Function of culturing monolayer hepatocytes by collagen gel coating and coculture with nonparenchymal cells.

作者信息

Koike M, Matsushita M, Taguchi K, Uchino J

机构信息

First Department of Surgery, Hokkaido University School of Medicine, Sapporo, Japan.

出版信息

Artif Organs. 1996 Feb;20(2):186-92. doi: 10.1111/j.1525-1594.1996.tb00725.x.

Abstract

Since 1987, we have been developing a bioartificial liver (BAL) using multiplated cultured hepatocyte monolayers. With the goal of promoting hepatic functions of cultured hepatocyte monolayers, we combined the use of a collagen gel layer over the monolayers of hepatocytes and/or cocultured hepatocytes with nonparenchymal cells (NPCs).
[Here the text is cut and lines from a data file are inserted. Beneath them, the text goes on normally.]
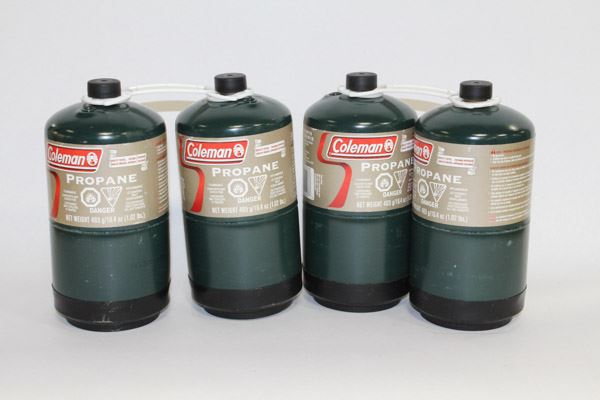 BOX W/ 4 NEW 1.02LB COLEMAN PROPANE BOTTLES - FULL
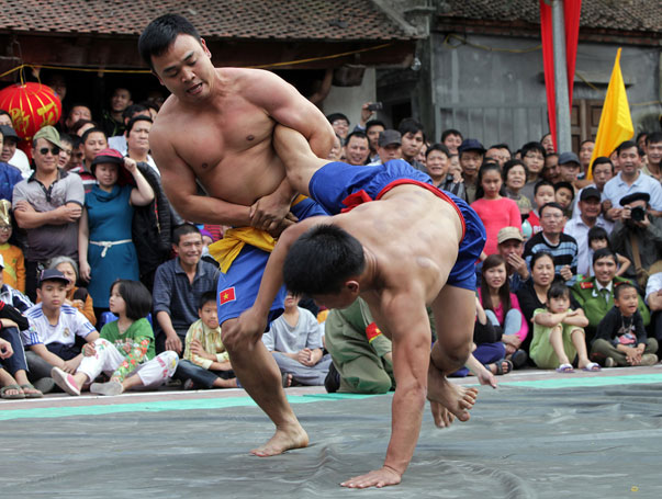 Các trận đấu luôn tạo ra không khí hào hứng, sôi nổi trong tiếng hò reo cổ vũ hòa cùng tiếng trống thúc giòn giã. Trên sới vật, từng cặp đô vật thân hình cường tráng, mình trần, chít khăn xanh, khăn đỏ đang khua chân, múa tay để rình miếng nhau, chỉ đợi đối phương sơ hở là lao vào vật ngửa đối thủ. Xung quanh sới vật, người già, trẻ em, thanh niên trai tráng cũng hồi hộp dõi theo diễn biến trận đấu và không quên vỗ tay tán thưởng những miếng vật hay, độc đáo. Những cuộc thi tài của các đô vật nhí thường được tổ chức sen kẽ giữa các cuộc đấu vật chính thức. Những trận đấu của các đô vật nhí thường nhận được những tràng vỗ tay cổ vũ, kèm theo tiếng cưới sảng khoái cho khán giả. Đô vật nhí, Nguyễn Hữu Nam năm nay 10 tuổi như rất nhiều bé trai trong làng rất mong ngóng được đến dự hội, hồ hởi nói: “Mỗi khi Tết đến có lễ hội đấu vật này cháu rất vui. Cháu đến hội vật này cùng bố cháu. Cháu cũng thi đấu, được giao lưu với các bạn khác.”
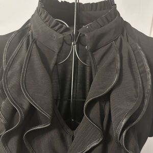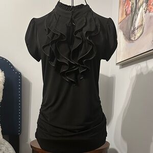 Chic black blouse with elegant ruffles. Perfect for stylish occasions.
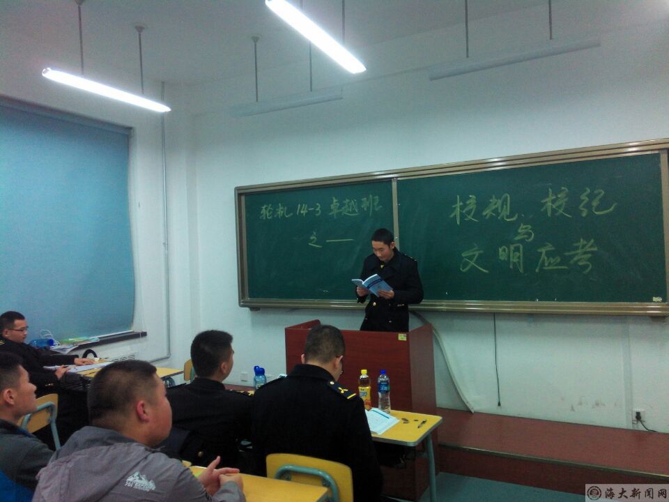 为使同学们熟悉学校的规章制度,掌握学生手册中的相关规定,并进一步提升同学们的诚信意识,营造良好的诚信考试氛围,英国威廉希尔公司官网轮机2014-3中队于12月16日晚组织各区队在积学楼开展了“遵守纪律,诚信考试”主题教育班会,各区队指导员助理参加了此次班会。
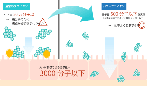 濃縮もずくエキスを特殊製法によって低分子に加工(約500分子量以下)し、体内の細胞が吸収できる大きさよりさらに6分の1の大きさになっているため体内へ栄養成分が吸収しやすく効率良く摂取いただけます。
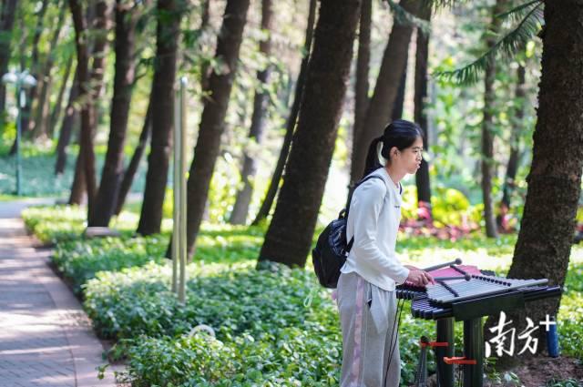 12月8日,廣州珠江公園,許興群正在轉動療愈互動裝置。
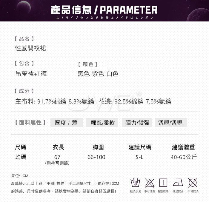 2.基於保障消費者個人衛生,情趣衣物類恕不接受退換貨,如為商品本身暇疵,接受三日內換貨,請勿試穿。
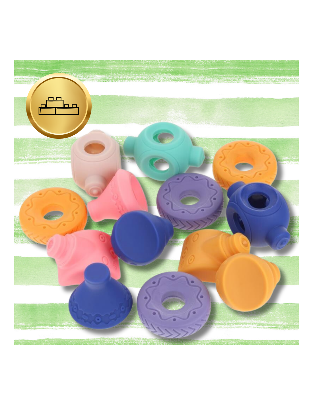Klocki wykonane są z wysokiej jakości, nietoksycznego silikonu, co sprawia, że są bezpieczne dla dzieci. Ich miękka struktura minimalizuje ryzyko urazów, co czyni je idealnymi do zabawy.

The study was divided into four groups according to culture configurations: Group 1: hepatocyte monolayer culture (control); Group 2; coculture of hepatocytes and NPCs; Group 3: hepatocyte monolayer with a overlaid collagen gel layer; and Group 4: coculture with a overlaid collagen gel layer. The culture continued for 14 days. Morphological changes and hepatic functions were evaluated by urea and albumin syntheses. The morphological status of the hepatocytes remained for 2 weeks in Groups 3 and 4. Deterioration and detachment of hepatocytes and/or NPCs started in Group 1 and 2 on the third day in culture. Significantly high urea synthesis was noted in Group 4 (p < 0.001 compared with Group 1 and 2: p = 0.0014 compared with Group 3). Although there was no significant difference in albumin synthesis among the four groups, those hepatocytes covered by the collagen gel (Groups 3 and 4) tended to secrete albumin throughout the observation period. These results indicted that the environment, although artificial (but close to the in vivo state), supplied with collagen gel and the coculture, enhanced the activities of the cultured hepatocyte monolayers. We suggest that use of cocultured hepatocytes under a collagen gel is a promising candidate for a bioreactor of multiplated BAL.

摘要

自1987年以来,我们一直在利用多层培养的肝细胞单层构建生物人工肝(BAL)。为了促进培养的肝细胞单层的肝功能,我们将在肝细胞单层上使用胶原凝胶层和/或将肝细胞与非实质细胞(NPCs)共培养相结合。根据培养配置,该研究分为四组:第1组:肝细胞单层培养(对照);第2组:肝细胞与NPCs共培养;第3组:覆盖有胶原凝胶层的肝细胞单层;第4组:覆盖有胶原凝胶层的共培养。培养持续14天。通过尿素和白蛋白合成评估形态变化和肝功能。第3组和第4组中肝细胞的形态状态保持了2周。第1组和第2组在培养第三天开始出现肝细胞和/或NPCs的退化和脱离。第4组尿素合成显著升高(与第1组和第2组相比,p < 0.001;与第3组相比,p = 0.0014)。尽管四组之间白蛋白合成没有显著差异,但在整个观察期内,被胶原凝胶覆盖的肝细胞(第3组和第4组)倾向于分泌白蛋白。这些结果表明,虽然是人工环境(但接近体内状态),但提供胶原凝胶和共培养可增强培养的肝细胞单层的活性。我们认为,在胶原凝胶下使用共培养的肝细胞是多层BAL生物反应器的一个有前途的候选方案。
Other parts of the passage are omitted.